• [GOAL OF THE EXERCISE]
Reproduce nothing but the closing run of lines: the line with "Это был самый" and each line that follows it to the end of the data.

Items listed in a dataset
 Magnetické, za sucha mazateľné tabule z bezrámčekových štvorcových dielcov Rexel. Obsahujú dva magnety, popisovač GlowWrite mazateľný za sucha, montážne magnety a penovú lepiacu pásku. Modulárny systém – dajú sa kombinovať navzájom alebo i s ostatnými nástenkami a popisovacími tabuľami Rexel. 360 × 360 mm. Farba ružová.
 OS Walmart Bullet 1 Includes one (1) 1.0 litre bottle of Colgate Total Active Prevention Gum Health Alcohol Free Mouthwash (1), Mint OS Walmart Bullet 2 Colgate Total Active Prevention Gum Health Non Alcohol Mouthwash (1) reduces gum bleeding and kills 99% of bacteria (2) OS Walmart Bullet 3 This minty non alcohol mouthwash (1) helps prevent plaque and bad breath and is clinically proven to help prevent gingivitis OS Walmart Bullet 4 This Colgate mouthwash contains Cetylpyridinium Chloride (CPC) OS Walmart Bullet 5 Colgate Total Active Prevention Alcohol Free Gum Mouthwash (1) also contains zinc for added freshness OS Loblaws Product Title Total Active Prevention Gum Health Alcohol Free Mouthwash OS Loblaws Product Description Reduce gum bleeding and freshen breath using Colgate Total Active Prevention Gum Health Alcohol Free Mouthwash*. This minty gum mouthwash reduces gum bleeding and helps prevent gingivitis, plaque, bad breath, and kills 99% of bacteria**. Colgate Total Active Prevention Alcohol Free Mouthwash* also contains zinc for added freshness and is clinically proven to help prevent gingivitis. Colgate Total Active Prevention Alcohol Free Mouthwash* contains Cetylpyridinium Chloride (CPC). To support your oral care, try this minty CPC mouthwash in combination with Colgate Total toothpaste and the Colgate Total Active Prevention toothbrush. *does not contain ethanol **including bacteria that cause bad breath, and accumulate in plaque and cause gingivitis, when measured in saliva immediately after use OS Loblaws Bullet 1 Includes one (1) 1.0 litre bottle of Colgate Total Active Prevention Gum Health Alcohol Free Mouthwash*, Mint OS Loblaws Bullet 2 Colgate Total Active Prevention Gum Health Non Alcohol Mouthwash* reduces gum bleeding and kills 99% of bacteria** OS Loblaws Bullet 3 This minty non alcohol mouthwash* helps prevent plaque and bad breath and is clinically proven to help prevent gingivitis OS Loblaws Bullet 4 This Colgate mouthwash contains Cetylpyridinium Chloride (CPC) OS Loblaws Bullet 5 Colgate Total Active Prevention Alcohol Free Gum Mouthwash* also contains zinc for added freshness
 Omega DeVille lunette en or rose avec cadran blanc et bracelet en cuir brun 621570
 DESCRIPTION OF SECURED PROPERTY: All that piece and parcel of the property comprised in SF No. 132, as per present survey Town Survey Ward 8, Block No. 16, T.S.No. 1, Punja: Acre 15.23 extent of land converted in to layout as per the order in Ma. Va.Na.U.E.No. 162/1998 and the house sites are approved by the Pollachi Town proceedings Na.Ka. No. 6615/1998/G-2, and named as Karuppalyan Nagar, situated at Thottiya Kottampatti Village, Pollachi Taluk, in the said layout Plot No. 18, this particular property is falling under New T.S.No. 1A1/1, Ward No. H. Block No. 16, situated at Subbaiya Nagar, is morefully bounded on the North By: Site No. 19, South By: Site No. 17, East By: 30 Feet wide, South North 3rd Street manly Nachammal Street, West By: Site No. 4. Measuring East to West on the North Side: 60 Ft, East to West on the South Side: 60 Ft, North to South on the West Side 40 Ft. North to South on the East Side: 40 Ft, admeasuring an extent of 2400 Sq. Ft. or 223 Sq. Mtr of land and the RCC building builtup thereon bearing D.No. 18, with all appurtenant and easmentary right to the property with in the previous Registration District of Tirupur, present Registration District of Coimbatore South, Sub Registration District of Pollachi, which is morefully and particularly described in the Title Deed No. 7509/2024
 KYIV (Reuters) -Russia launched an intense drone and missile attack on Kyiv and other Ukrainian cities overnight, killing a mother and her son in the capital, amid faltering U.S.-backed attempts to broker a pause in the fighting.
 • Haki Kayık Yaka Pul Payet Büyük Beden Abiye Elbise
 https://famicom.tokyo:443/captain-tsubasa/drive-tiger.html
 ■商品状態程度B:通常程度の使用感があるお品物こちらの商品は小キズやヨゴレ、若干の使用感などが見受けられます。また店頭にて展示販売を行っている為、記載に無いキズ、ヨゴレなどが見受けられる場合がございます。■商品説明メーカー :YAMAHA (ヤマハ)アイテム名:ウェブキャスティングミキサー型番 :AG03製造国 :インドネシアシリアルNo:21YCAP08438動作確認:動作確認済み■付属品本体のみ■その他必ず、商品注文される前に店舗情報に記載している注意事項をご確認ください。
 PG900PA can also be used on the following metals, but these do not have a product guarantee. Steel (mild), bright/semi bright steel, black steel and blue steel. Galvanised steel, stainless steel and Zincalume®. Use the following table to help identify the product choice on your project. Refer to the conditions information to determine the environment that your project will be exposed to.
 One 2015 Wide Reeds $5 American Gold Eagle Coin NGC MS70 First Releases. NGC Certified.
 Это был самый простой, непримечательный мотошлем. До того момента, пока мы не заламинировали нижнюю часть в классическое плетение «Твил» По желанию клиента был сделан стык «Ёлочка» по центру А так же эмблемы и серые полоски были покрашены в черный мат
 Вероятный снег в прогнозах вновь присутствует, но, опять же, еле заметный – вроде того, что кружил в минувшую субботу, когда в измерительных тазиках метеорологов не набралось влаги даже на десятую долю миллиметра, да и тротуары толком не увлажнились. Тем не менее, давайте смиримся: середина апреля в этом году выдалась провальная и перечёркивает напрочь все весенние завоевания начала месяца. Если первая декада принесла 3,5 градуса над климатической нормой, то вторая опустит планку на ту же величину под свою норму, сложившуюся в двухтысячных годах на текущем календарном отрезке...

• [OUTPUT BELOW]
 Это был самый простой, непримечательный мотошлем. До того момента, пока мы не заламинировали нижнюю часть в классическое плетение «Твил» По желанию клиента был сделан стык «Ёлочка» по центру А так же эмблемы и серые полоски были покрашены в черный мат
 Вероятный снег в прогнозах вновь присутствует, но, опять же, еле заметный – вроде того, что кружил в минувшую субботу, когда в измерительных тазиках метеорологов не набралось влаги даже на десятую долю миллиметра, да и тротуары толком не увлажнились. Тем не менее, давайте смиримся: середина апреля в этом году выдалась провальная и перечёркивает напрочь все весенние завоевания начала месяца. Если первая декада принесла 3,5 градуса над климатической нормой, то вторая опустит планку на ту же величину под свою норму, сложившуюся в двухтысячных годах на текущем календарном отрезке...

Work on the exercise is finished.